As an example: `ZipFold`

allows you to concisely test a pair of trees for equality, by looking only at one pair of nodes at a time.

```
public static bool Equal(JqlNode j1, JqlNode j2)
=> j1.ZipFold<JqlNode, bool>(
j2,
(n1, n2, childrenEqual) =>
{
switch (n1)
{
case SalaryNode s1 when n2 is SalaryNode s2:
return s1.Currency == s2.Currency
&& s1.Amount == s2.Amount;
case TagNode t1 when n2 is TagNode t2:
return t1.Tag == t2.Tag;
case AndNode a1 when n2 is AndNode a2:
case OrNode o1 when n2 is OrNode o2:
case NotNode a1 when n2 is NotNode a2:
return childrenEqual.All(c => c);
default:
return false;
}
}
);
```

The `ZipFold`

that you’ll find in Sawmill is actually an *n*-ary zip-fold. Instead of taking two `T`

s, and passing two `T`

s to `func`

, it works with an arbitrary number of `T`

s.
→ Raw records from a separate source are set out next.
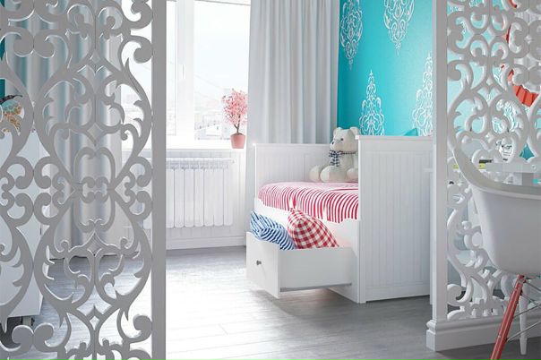 На фото детская комната с декоративной ажурной перегородкой, расположенной между кроватями.
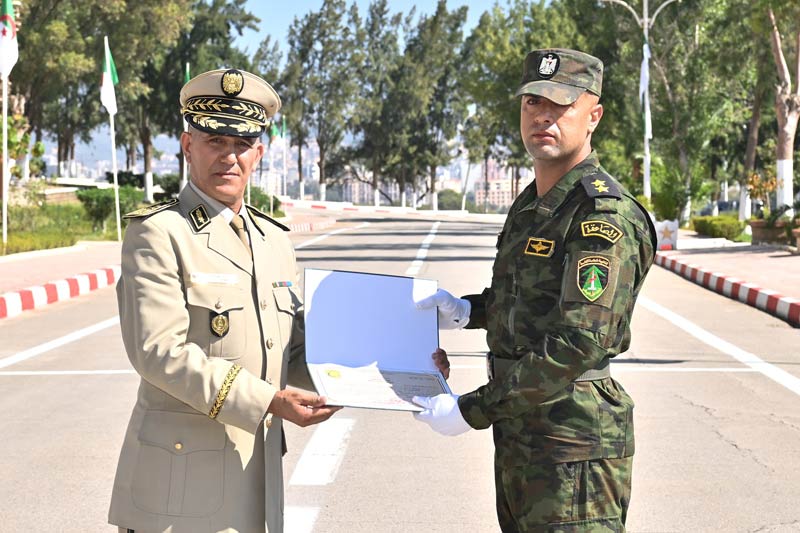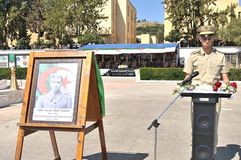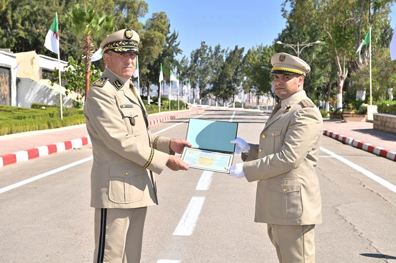 تلاها أداء القسم من طرف الدفعة المتخرجة، ليباشر بعدها السيد اللواء نائب قائد الناحية العسكرية الخامسة تسليم الشهادات وتقليد الرتب للمتفوقين الأوائل من الدفعات، ليتواصل الحفل بتسليم راية المدرسة إلى الدفعة الموالية وتسمية الدفعة بإسم الشهيد البطل "بوحيرد سعيد".
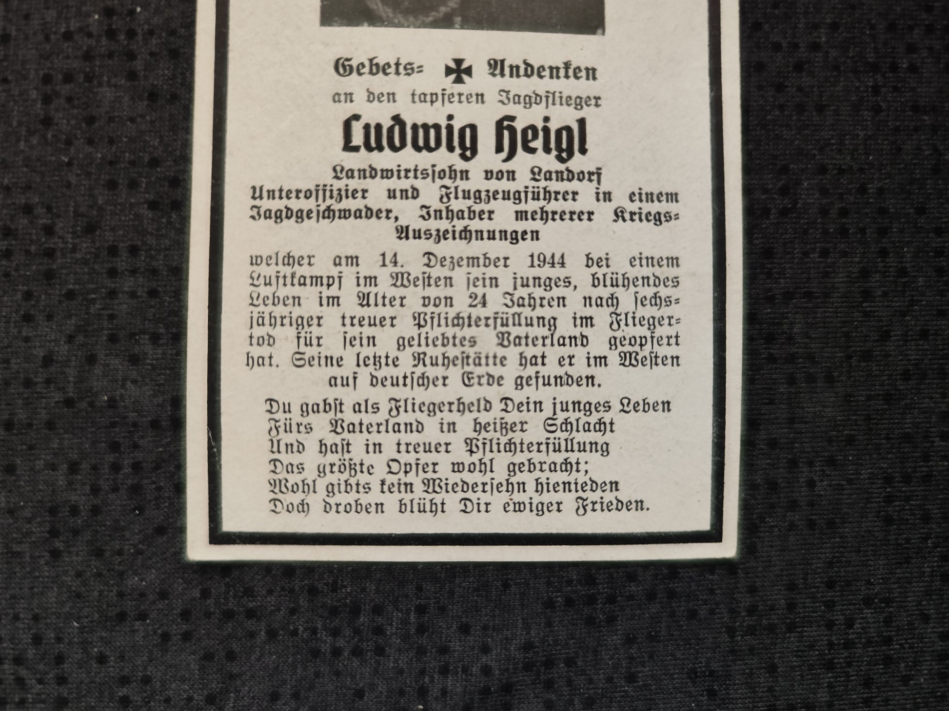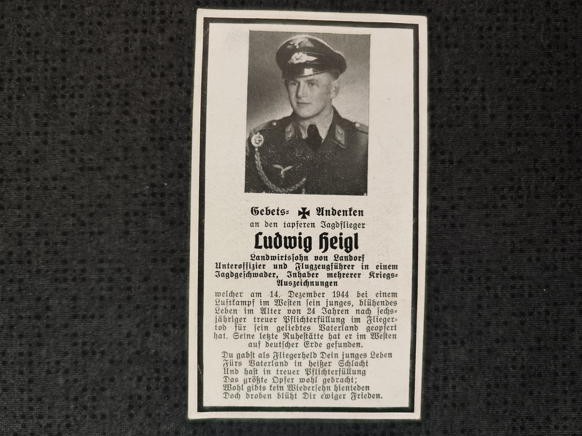Sterbebild Unteroffizier Flugzeugführer Landorf 15. Staffel Jagdgeschwader 4 Bf 109 Niederwald Westen
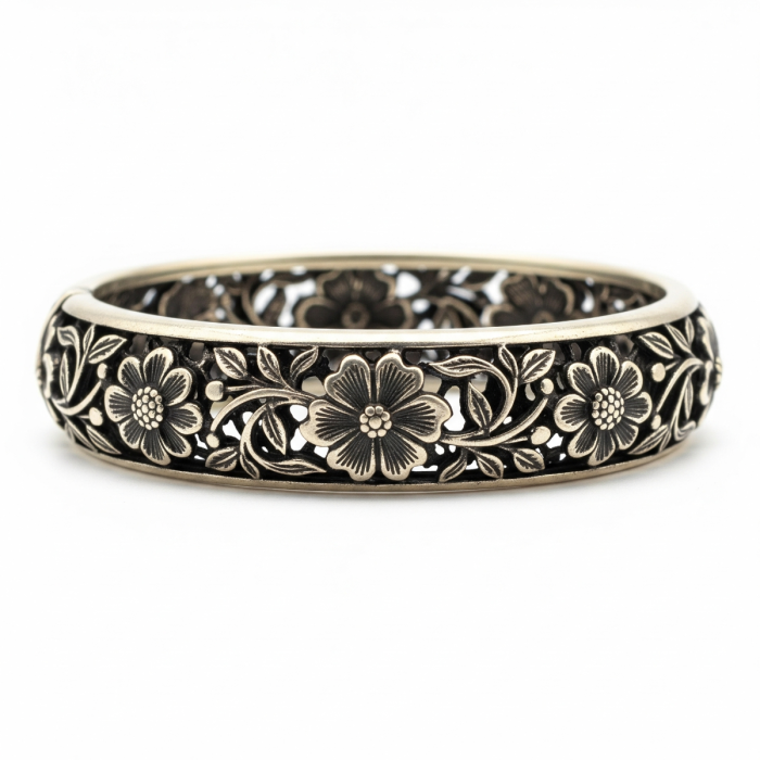 - Antique Finish Floral Bangle
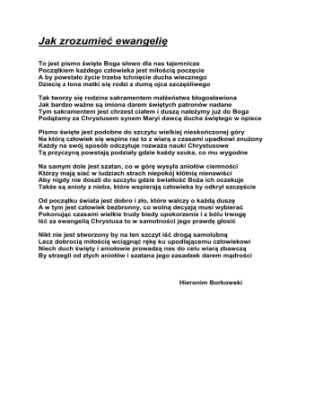 Jak zrozumieć ewangelię To jest pismo święte Boga słowo dla nas tajemnicze Początkiem każdego człowieka jest miłością poczęcie A by powstało życie trzeba tchnięcie ducha wiecznego Dziecię z łona matki się rodzi z dumą ojca szczęśliwego Tak tworzy się rodzina sakramentem małżeństwa błogosławiona Jak bardzo ważne są imiona darem świętych patronów nadane Tym sakramentem jest chrzest ciałem i duszą należymy już do Boga Podążamy za Chrystusem synem Maryi dawcą ducha świętego w opiece Pismo święte jest podobne do szczytu wielkiej nieskończonej góry Na którą człowiek się wspina raz to z wiarą a czasami upadkowi znużony Każdy na swój sposób odczytuje rozważa nauki Chrystusowe Tą przyczyną powstają podziały gdzie każdy szuka, co mu wygodne Na samym dole jest szatan, co w górę wysyła aniołów ciemności Którzy mają siać w ludziach strach niepokój kłótnią nienawiści Aby nigdy nie doszli do szczytu gdzie światłość Boża ich oczekuje Także są anioły z nieba, które wspierają człowieka by odkrył szczęście Od początku świata jest dobro i zło, które walczy o każdą duszę A w tym jest człowiek bezbronny, co wolną decyzją musi wybierać Pokonując czasami wielkie trudy biedy upokorzenia i z bólu trwogę Iść za ewangelią Chrystusa to w samotności jego prawdę głosić Nikt nie jest stworzony by na ten szczyt iść drogą samolubną Lecz dobrocią miłością wciągnąć rękę ku upodlającemu człowiekowi Niech duch święty i aniołowie prowadzą nas do celu wiarą zbawczą By strzegli od złych aniołów i szatana jego zasadzek darem mądrości Hieronim Borkowski
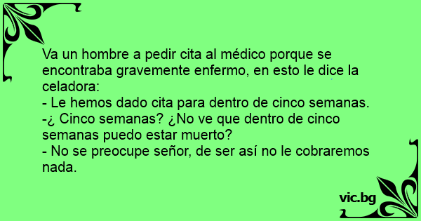 Va un hombre a pedir cita al médico porque se encontraba gravemente enfermo, en esto le dice la celadora:
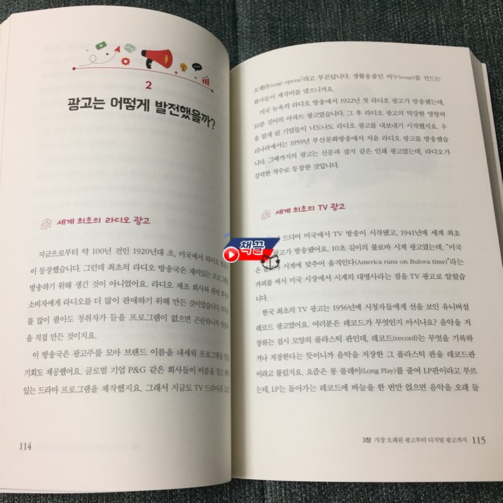 이 책에서 부록처럼 소개되는 '세계의 광고인' 페이지에서는 데이비드 오길비, 레오 버넷, 빌 번박 같은 전설적인 광고계 인사들과 만날 수 있다. 또한 '토론해 봅시다'에서는 '특정 기업 제품의 불매운동에 동참한 적이 있나요?'와 같이 광고를 매개로 친구들과 심도 있는 이야기를 나눌 수 있다.
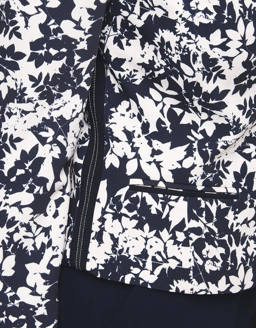 – Un imprimé feuillage bleu marine foncé et beige très élégant, voilà une veste chic à porter pour toutes les saisons

Here’s the code:

```
public static U ZipFold<T, U>(
this T[] values,
Func<T[], IEnumerable<U>, U> func,
) where T : IRewritable<T>
=> func(values, xs.ZipChildren(children => children.ZipFold(func)));
private static IEnumerable<U> ZipChildren<T, U>(
this T[] input,
Func<T[], U> zipFunc
) where T : IRewritable<T>
{
var enumerators = input
.Select(x => x.GetChildren().GetEnumerator())
.ToArray();
while (enumerators.All(e => e.MoveNext()))
{
yield return zipFunc(
enumerators.Select(e => e.Current).ToArray()
);
}
}
```

Sadly, the invariant that `zipFunc`

receives the same number of `T`

s as were passed to `ZipFold`

is not expressible in C#’s type system. So as a consumer of `ZipFold`

, you just have to trust that `zipFunc`

’s argument is of a certain size. In the `Equal`

example, that size is two, because we’re consuming two trees:

```
public static bool Equal(JqlNode j1, JqlNode j2)
=> new[] { j1, j2 }.ZipFold<JqlNode, bool>(
(ns, childrenEqual) =>
{
switch (ns[0])
{
case SalaryNode s1 when ns[1] is SalaryNode s2:
return s1.Currency == s2.Currency
&& s1.Amount == s2.Amount;
case TagNode t1 when ns[1] is TagNode t2:
return t1.Tag == t2.Tag;
case AndNode a1 when ns[1] is AndNode a2:
case OrNode o1 when ns[1] is OrNode o2:
case NotNode n1 when ns[1] is NotNode n2:
return childrenEqual.All(c => c);
default:
return false;
}
}
);
```

Here’s the Haskell transliteration of this *n*-ary zip-fold function, which `traverse`

s in the `ZipList`

`Applicative`

to concisely zip *n* lists of children:

```
fermo :: Plated a => ([a] -> [r] -> r) -> [a] -> r
fermo f xs = f xs (
map (fermo f) $ getZipList $ traverse (ZipList . toListOf plate) xs
)
```

`ZipFold`

is available in version 1.3.0 of Sawmill.